Accueil Actu

Face à Trump, les exportateurs chinois s'adaptent pour survivre

Délocalisations, rabais, nouveaux produits... Touchés de plein fouet par la guerre commerciale avec Washington, les exportateurs chinois sont contraints de se réinventer pour survivre, tandis que certains trichent avec l'origine de leurs produits.

Qu'ils soient industriels, transformateurs de poisson, producteurs de jus de pomme ou agriculteurs, tous ont vu leur activité remise en question depuis l'an dernier avec les premières surtaxes douanières américaines frappant un large éventail de produits chinois exportés vers les Etats-Unis.

Depuis juin, quelque 250 milliards de dollars d'exportations chinoises annuelles à destination des Etats-Unis sont surtaxées à hauteur de 25%. Et la menace du président américain Donald Trump d'appliquer de nouvelles surtaxes au 1er septembre pourrait encore compliquer la donne pour les exportateurs.

"Cela a des conséquences pour nous", affirme un commercial d'une entreprise de jus de fruits basée dans le Shaanxi (nord), M. Liu, qui ne donne que son nom de famille.

"Nos devis tiennent désormais compte du coût des surtaxes", explique-t-il à l'AFP.

Les exportations chinoises de jus de pomme ont plongé de 93% sur un an au premier semestre.

L'entreprise Hengtong Fruit Juice, qui expédie la quasi-totalité de ses produits à l'étranger, et certaines de ses filiales, ont dû mettre en gage leurs machines pour obtenir des prêts.

Le secteur de la transformation de poisson est également durement touché.

La Chine est le principal fournisseur de tilapia congelé sur le marché américain mais les exportations de ce poisson d'eau douce sont en baisse cette année.
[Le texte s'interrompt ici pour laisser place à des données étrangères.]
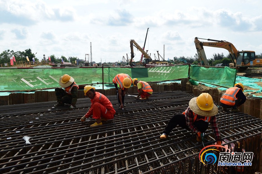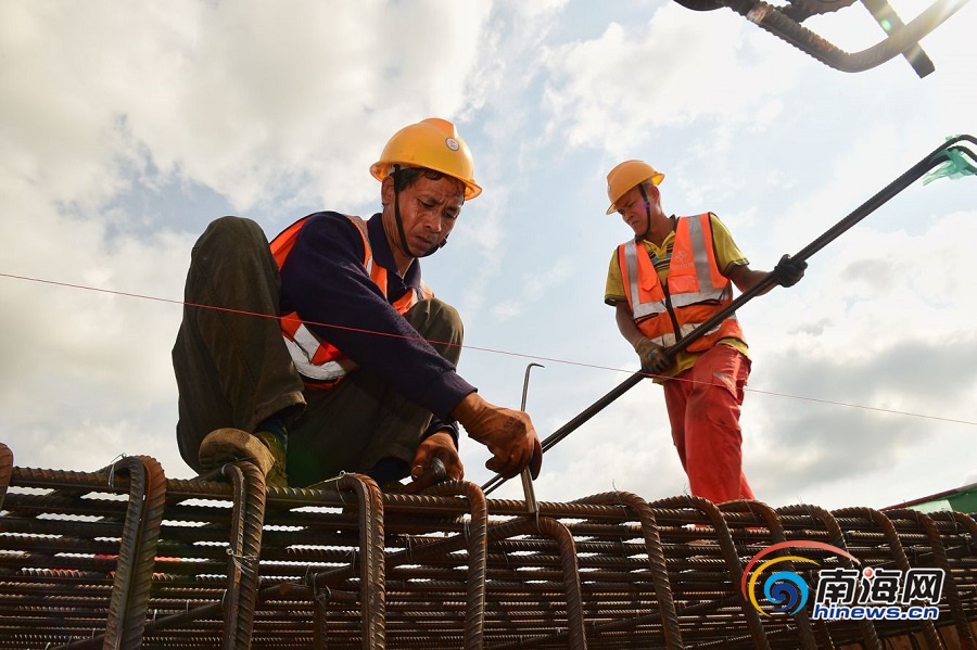 海口江東新區白駒大道改造及東延長線項目建設現場,工人正在鋼筋上作業。海報集團全媒體中心記者 張茂 通訊員 王聘釗 攝
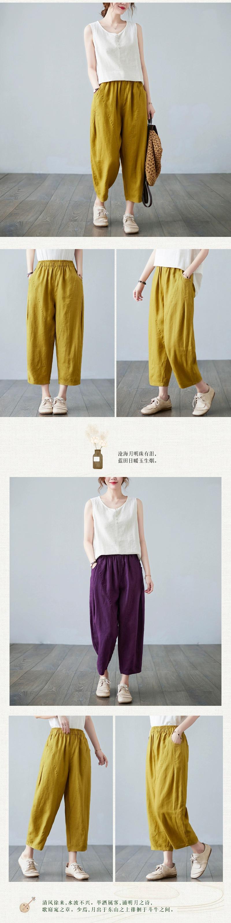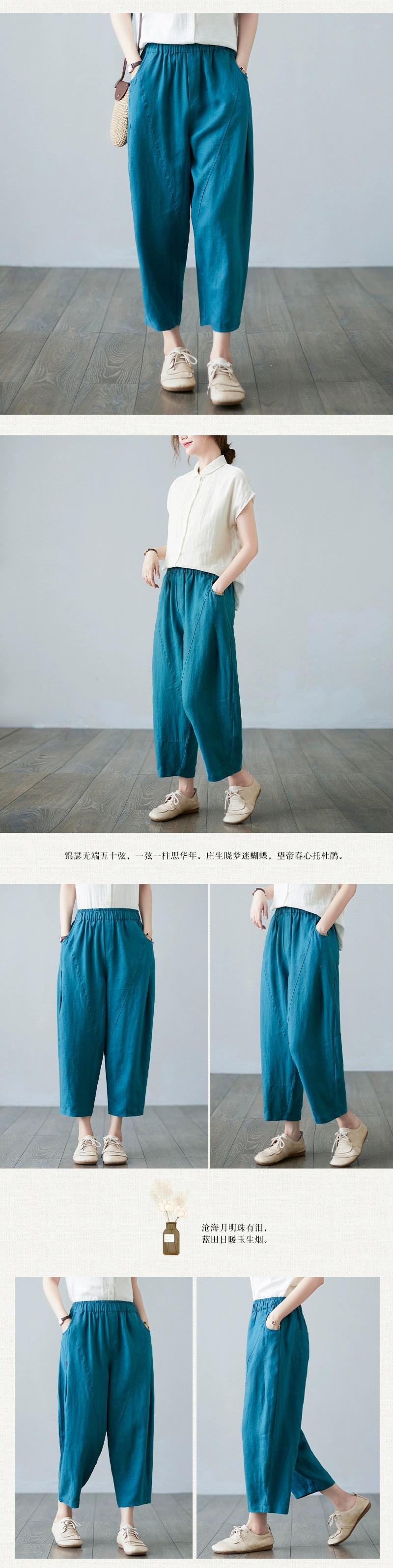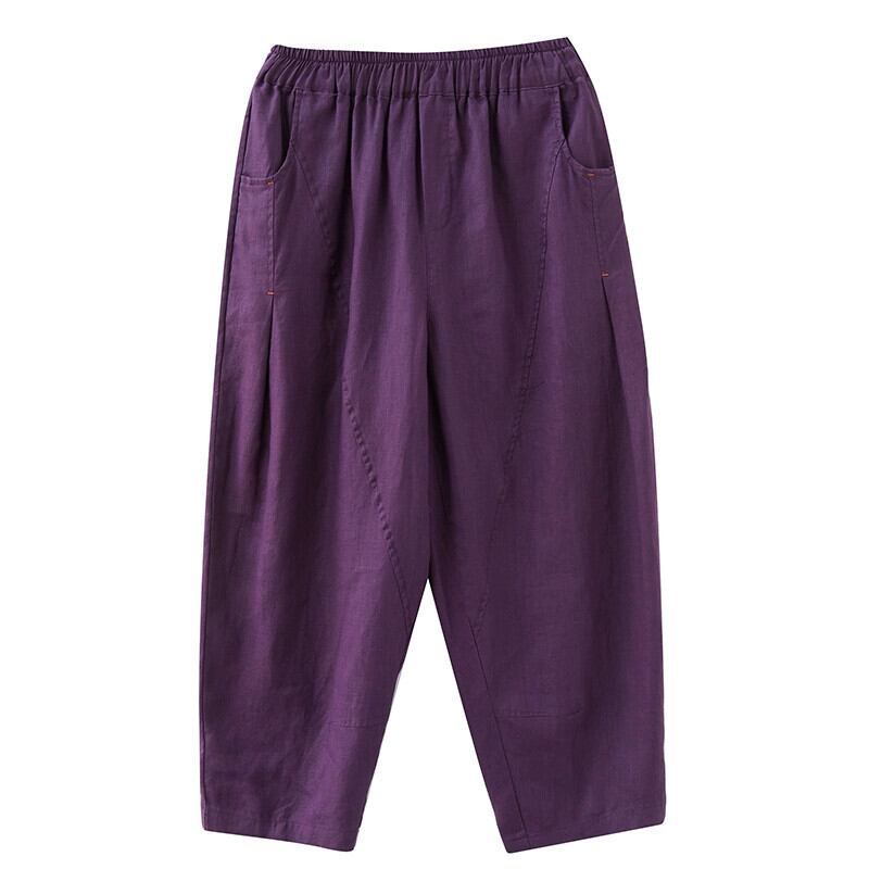 コットンとリネンのキャロットパンツの女性の夏 2021 緩い大きいサイズの弾性ウエストスプライシング無地カジュアルリネン 9 点ハーレムパンツ エラスティック 伸縮 大きめサイズ サマー 夏物 ソリッドカラー sine81231720069

Les pisciculteurs chinois n'ont eu d'autre choix que se rabattre sur leur marché intérieur.

"Les Etats-Unis profitent de leur position sur ce marché pour faire pression sur de nombreux fournisseurs chinois", regrette l'une de ces entreprises, Hainan Tilapia Sustainability Alliance, sur sa messagerie WeChat.

Le géant chinois du tilapia, Zhaoqing Evergreen Aquatic, a modernisé son usine l'hiver dernier pour se recentrer sur le marché chinois, selon Undercurrent News, un site professionnel.

- Tromperie sur la marchandise -

Mais cibler les consommateurs chinois n'est pas toujours une sinécure.

"Le tilapia marche très bien aux Etats-Unis parce qu'il est pané et transformé... mais c'est un poisson un peu fade. En Chine, on préfère quand le poisson a vraiment le goût du poisson", explique Even Pay, analyste au cabinet China Policy, spécialisée dans l'agroalimentaire.

Dans d'autres secteurs durement touchés, les exportateurs doivent rogner leurs marges.

"On a baissé nos prix sur le marché américain de manière à pouvoir absorber une partie des surtaxes douanières", affirme Andy Zhou de la société Anytone, qui fabrique des équipements de télécommunication.

Les exportations de matériel radio vers les Etats-Unis sont en fort repli, elles ont atteint 33 millions de dollars au premier semestre contre 230 millions un an plus tôt.

Résultat, M. Zhou se tourne vers le marché européen et l'Asie pour espérer redresser ses ventes.

Mais dans l'adversité, certains de ses concurrents ont moins de scrupules: ils n'hésitent pas à mal étiqueter leurs produits pour tromper sur leur pays d'origine... et échapper aux surtaxes.

D'autres entreprises ont recours au transbordement, c'est-à-dire qu'elles réacheminement leurs marchandises par le Vietnam pour les faire passer pour des marchandises fabriquées dans le pays voisin.

Craignant l'ire de l'administration Trump, Hanoi - qui réalise 40 milliards de dollars d'excédent commercial avec les Etats-Unis - s'est juré de sévir contre les fabricants chinois qui utilisent illégalement les étiquettes "made in Vietnam" pour échapper aux droits de douane américains.

Certaines entreprises chinoises ont délocalisé leur production dans le pays pour contourner les droits de douane - comme le fabricant de textiles Jasan Group, qui fournit Adidas et Nike - ou se tournent vers la Malaisie et l'Indonésie.

Pour autant, les mesures de rétorsion américaines peuvent aussi être une aubaine, en particulier pour certains producteurs chinois de soja, à l'heure ou Pékin boude le soja américain qu'elle achetait pourtant en abondance avant la guerre commerciale.

"L'Etat nous encourage à planter plus de soja... nos revenus augmentent grâce aux subventions", se réjouit Sun Changhai, un agriculteur de Mongolie intérieure (nord).

La production chinoise de soja reste toutefois insuffisante pour répondre aux besoins du pays, qui dépend encore largement des importations... et notamment de celles des Etats-Unis.